# Aim of the task:
Some of the lines below need repeating. Reproduce exactly those between the lines holding "李培根一行先后参观了PG·电" and "接着优秀团员代表刘家亮为全体", inclusive.

# Input data:
##########
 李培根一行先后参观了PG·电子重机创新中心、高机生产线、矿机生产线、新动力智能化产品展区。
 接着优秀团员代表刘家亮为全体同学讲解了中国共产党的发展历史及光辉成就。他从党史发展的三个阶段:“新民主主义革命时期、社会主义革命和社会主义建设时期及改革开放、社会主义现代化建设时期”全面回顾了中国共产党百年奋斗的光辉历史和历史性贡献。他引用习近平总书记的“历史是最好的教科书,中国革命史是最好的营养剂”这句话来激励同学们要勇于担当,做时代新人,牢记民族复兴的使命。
##########
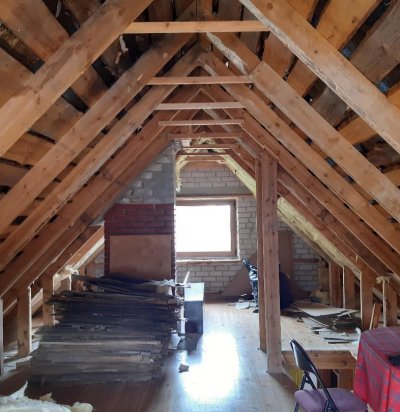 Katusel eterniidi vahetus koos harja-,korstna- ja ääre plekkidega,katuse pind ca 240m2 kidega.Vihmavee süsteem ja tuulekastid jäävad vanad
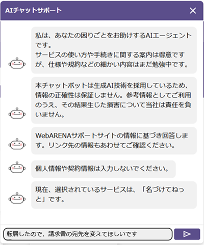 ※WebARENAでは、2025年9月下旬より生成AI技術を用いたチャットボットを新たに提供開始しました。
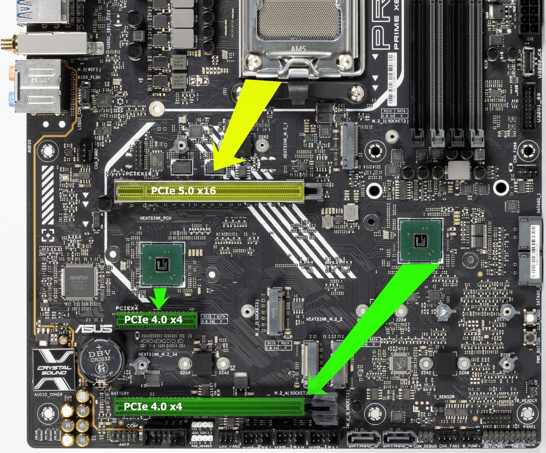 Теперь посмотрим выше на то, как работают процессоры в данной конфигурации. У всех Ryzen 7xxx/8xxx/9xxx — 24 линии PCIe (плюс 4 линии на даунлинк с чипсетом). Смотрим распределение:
##########
# Solution below:
 李培根一行先后参观了PG·电子重机创新中心、高机生产线、矿机生产线、新动力智能化产品展区。
 接着优秀团员代表刘家亮为全体同学讲解了中国共产党的发展历史及光辉成就。他从党史发展的三个阶段:“新民主主义革命时期、社会主义革命和社会主义建设时期及改革开放、社会主义现代化建设时期”全面回顾了中国共产党百年奋斗的光辉历史和历史性贡献。他引用习近平总书记的“历史是最好的教科书,中国革命史是最好的营养剂”这句话来激励同学们要勇于担当,做时代新人,牢记民族复兴的使命。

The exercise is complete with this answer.